The following is the required steps to set up kerberos authentication for a client to sql server.

This is a rough post, created purely for self reference.  A lot of this work is talked about at the following location http://blogs.msdn.com/b/psssql/archive/2011/02/21/sharepoint-adventures-using-kerberos-with-the-report-server.aspx


  • Open ISS Manager and go to application pools.
  • Set the correct application pool to use a dedicated user – right click and slect advanced settings. Change identity to the domain user required. If you’re not sure what application pool is the being used by the web app, stop them all and then start them individually, whilst refreshing the web app. When the correct one is used, the web app should work (somewhat!).
  • Next, go to the web application web site in IIS manager. Double click authentication and enable ASP.NET Impersonation (right click and select enable).
  • Right click on Windows Authentication and enable too.
  • Right click on Windows authentication and select Advance Settings and untick Enable Kernel-mode Authentication.
  • Click ok then right click on Windows Authentication and select providers.
  • Add Negotiate:Kerberos from the available providers drop down list.  Make sure this is the top of the list of enabled providers, above negotiate.

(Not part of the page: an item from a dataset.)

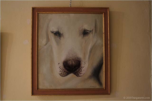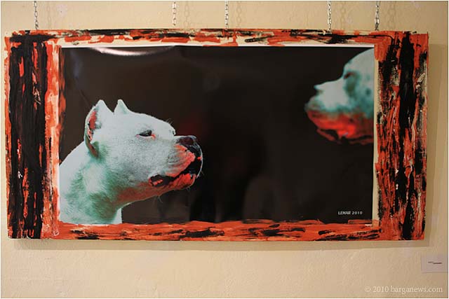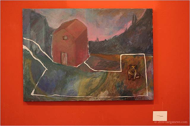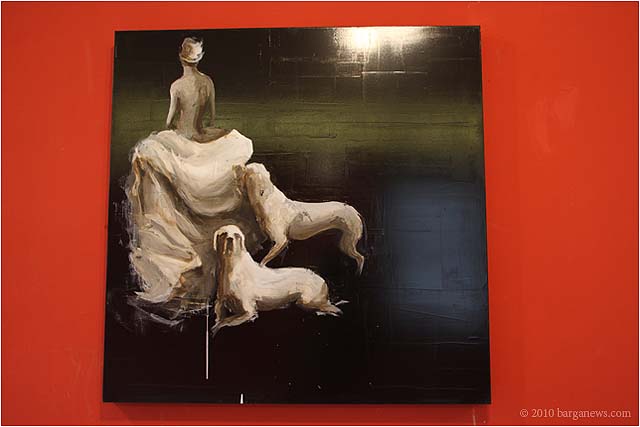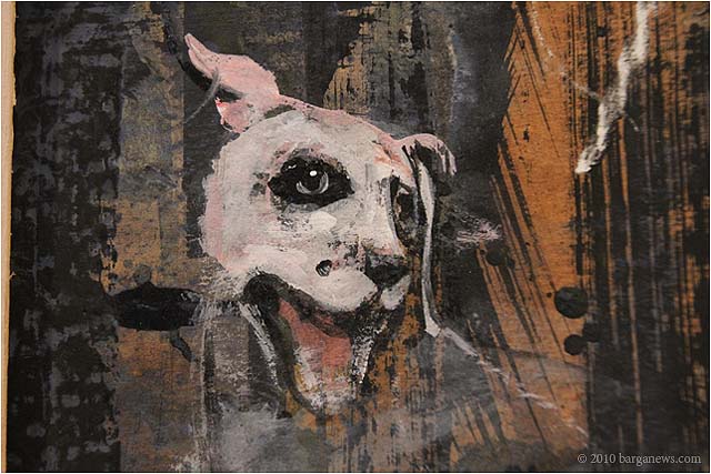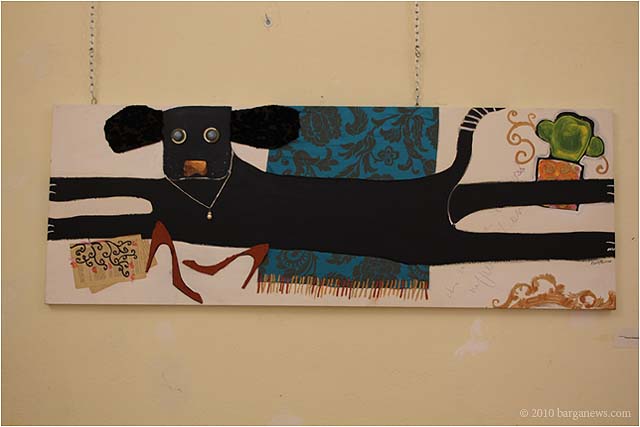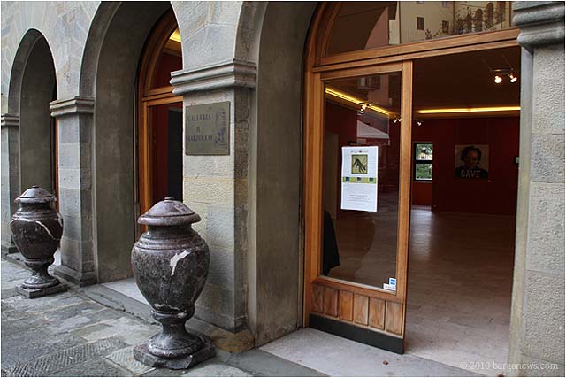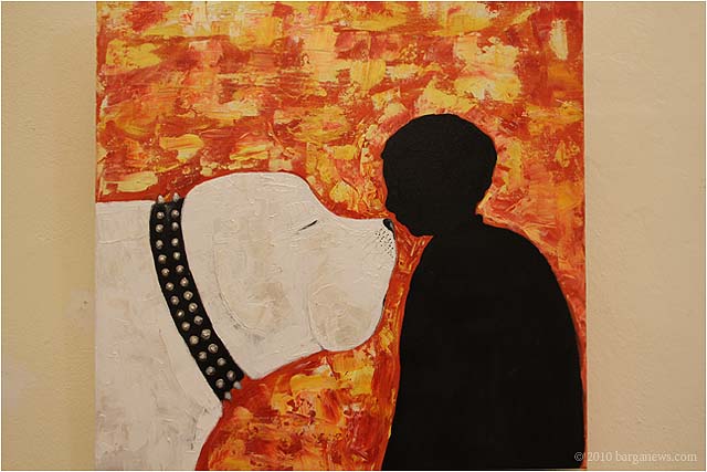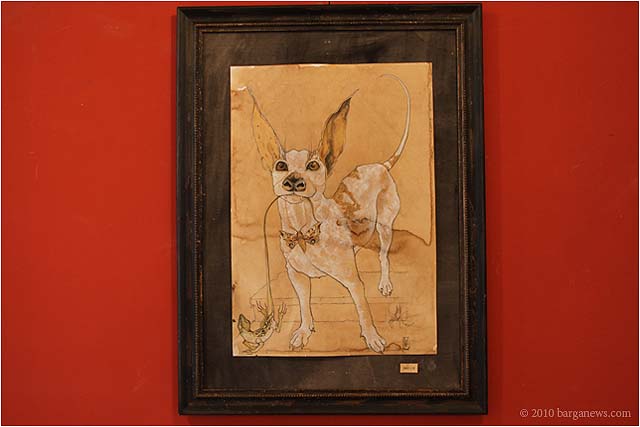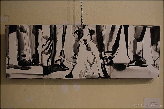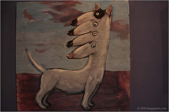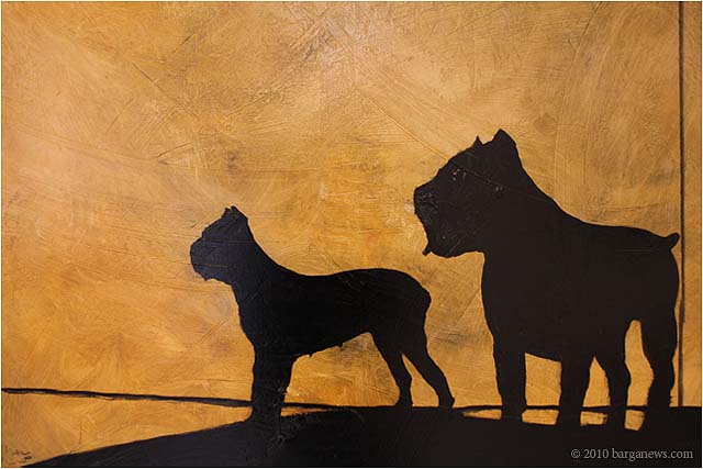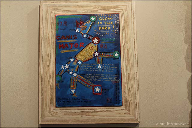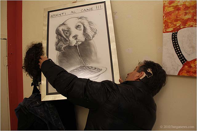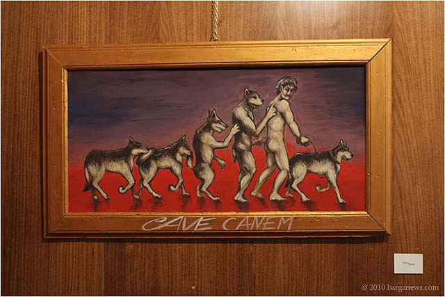 When 73 artists join forces to present nearly 100 paintings, sculptures, videos and poems on a single theme, the result can’t really be called something as limited as a mostra (“exhibition”). It’s more in the nature of an encyclopaedic survey. In the case of Cave Canem, the event that opened in three Barga venues November 1, the encyclopedia’s sweep covers virtually everything known, suspected or fantasized about dogs – mostly, but not exclusively, in their relations to human beings.

On a domain connected computer:

Add the SPN’s:

  • Open a cmd window and add an spn for the service account that the web app is running under. This is the domain account you set for the application pool.  This SPN should be for HTTP service for the URL of the server. In this case below the server name:
    setspn -A HTTP/WebserverName domain\domainuser
    i.e: setspn -A HTTP/SGBB1234 CONTOSO\WebAppServiceUser
  • Add the SPN for the Fully qualified domain name too, i.e.:
    setspn -A HTTP/SGBB1234.CONTOSO.UK.COM CONTOSO\WebAppServiceUser
  • Now check the spn is set for the SQL Server Service account. This is the account the SQL Server is running under:
    setspn -l SQLServerServiceAccount
  • If nothing is listed, then add the spn for the database instance using port number and instance name:
    setspn -A MSSQLSvc/ServerNameFQN:portnumber domain\SQLServiceAccount
    setspn -A MSSQLSvc/ServerNameFQN:InstanceName domain\SQLServiceAccount
    setspn -A MSSQLSvc/DBServer.Contoso.UK.COM:1453 contoso\Account1
    setspn -A MSSQLSvc/DBServer.Contoso.UK.COM:Instance1 contoso\Account1
  • After you have setup the SPN’s using the SETSPN commands for the instance and port of the SQL Server Service Account, run the command <code>dsacls “CN=<CommonName>, OU=<OrganisationUnit>, DC=<DomainComponent>” /G SELF:RPWP;”servicePrincipalName”</code>
    Change the CN, OU and DC values to be appropriate for the service account.  If you look at the SETSPN command for the service account, this will provide you with these values and so the whole string can be copied and pasted I.e.
    <code>dsacls “CN=Account1,OU=Service Accounts, OU=Administrative, OU=HO, DC=contoso,DC=ad,DC=contoso,DC=com” /G SELF:RPWP;”servicePrincipalName”</code>
    The dsacls command is part of the AD feature pack.  You should see the command complete successfully.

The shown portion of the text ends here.